If your introduction message already includes a bunch of uncurated claims and LLM smells, then what does that say about the code I'm about to run?

hugocorreia90 3 hours ago [-]

Yeah, fair pushback, and yes the intro was AI-assisted. Marketing is not my strength nor I am a native english speaker. I built this in about a month with heavy LLM tooling and the seed comment is part of that. I'm not going to pretend otherwise.

The code is what it is. `cargo test --workspace` runs across 19 crates. CI on 5 platforms (macOS ARM/Intel, Linux x86/ARM, Windows). JSON output schemas are codegen-checked in CI so docs can't drift from the binary.

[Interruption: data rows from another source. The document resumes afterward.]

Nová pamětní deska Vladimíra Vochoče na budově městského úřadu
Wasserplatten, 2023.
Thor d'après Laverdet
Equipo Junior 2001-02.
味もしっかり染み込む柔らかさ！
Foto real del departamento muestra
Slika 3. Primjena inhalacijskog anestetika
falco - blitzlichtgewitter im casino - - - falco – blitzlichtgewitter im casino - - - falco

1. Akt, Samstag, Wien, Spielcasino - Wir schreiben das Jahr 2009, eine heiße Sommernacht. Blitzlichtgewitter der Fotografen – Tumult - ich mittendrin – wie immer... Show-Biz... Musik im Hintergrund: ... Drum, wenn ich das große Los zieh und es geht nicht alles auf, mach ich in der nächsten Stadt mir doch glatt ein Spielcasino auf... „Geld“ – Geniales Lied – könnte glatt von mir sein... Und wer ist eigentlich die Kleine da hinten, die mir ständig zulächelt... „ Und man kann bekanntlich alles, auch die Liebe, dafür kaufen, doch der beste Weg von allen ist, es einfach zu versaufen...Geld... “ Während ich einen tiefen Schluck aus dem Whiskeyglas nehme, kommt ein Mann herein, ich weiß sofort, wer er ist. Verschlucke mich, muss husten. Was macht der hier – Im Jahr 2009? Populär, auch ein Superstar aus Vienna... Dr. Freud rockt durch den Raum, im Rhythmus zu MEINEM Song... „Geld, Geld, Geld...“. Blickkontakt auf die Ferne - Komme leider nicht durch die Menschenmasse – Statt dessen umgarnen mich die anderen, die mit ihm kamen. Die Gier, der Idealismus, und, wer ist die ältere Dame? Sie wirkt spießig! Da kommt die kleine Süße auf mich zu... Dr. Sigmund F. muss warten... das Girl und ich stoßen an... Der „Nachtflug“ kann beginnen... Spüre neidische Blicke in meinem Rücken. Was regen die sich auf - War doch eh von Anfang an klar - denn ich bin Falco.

If you want to skip the marketing copy and look at engine reasoning instead: PR #240 (audit trail), #241 (column classification + masking), #270 (failed-source surfacing in discover).

I'd rather hear "the code is bad" than "the post sounds AI-written".

DoctorOW 29 minutes ago [-]

> I'd rather hear "the code is bad" than "the post sounds AI-written".

Of course you would. Reading through and judging the quality of AI output is the largest amount of effort in a world where you can get everything else by prompting. Please internalize this: If you want to be respected you will have to put in effort yourself. There is no way around this.

austinthetaco 56 minutes ago [-]

This comment itself is likely written by AI by the sounds of it. It may be worth your time writing it out in your own words in your native language and then finding a competent translation tool to translate your words.

FrustratedMonky 1 hours ago [-]

Not sure why you are downvoted here.

'A-Lot' of side projects, hobby projects, etc.. are all using AI tools now. Also for marketing, every sales/marketing firm is using AI. So why critisize this guy inparticular.

AI is pervasive, the train has left the station. So that is not a reason to criticize this project. There might be other reasons, I'm not sure, but not that an AI was used.

ModernMech 49 minutes ago [-]

Because "Yeah, fair pushback" is AI smell. Either everything this person does is passed through an AI from code to blogs to even their HN comments and submissions; or they use AI so much they're starting to talk like it colloquially. Either way no one has time for that.

FrustratedMonky 44 minutes ago [-]

"Yeah, fair pushback"

Really hard to tell. Because that used to be a common phrase that real people would use.

So now I have to change my own language in order to not appear like I'm an AI? We are getting in a weird place where Humans have to act/sound increasingly 'odd', to appear not 'perfect' like an AI.

ModernMech 32 minutes ago [-]

It's really not hard to tell. It's the "How do you do fellow kids" of AI-isms. The presence of "fair pushback" and a single em dash reads as 99% AI generated as far as I am concerned.

Yes, if you don't want to sound like you're cargo culting AI, you do have to change the way you talk because people aren't going to care otherwise. At the very least just because it's boring. That's always been the nature of slang and lingo.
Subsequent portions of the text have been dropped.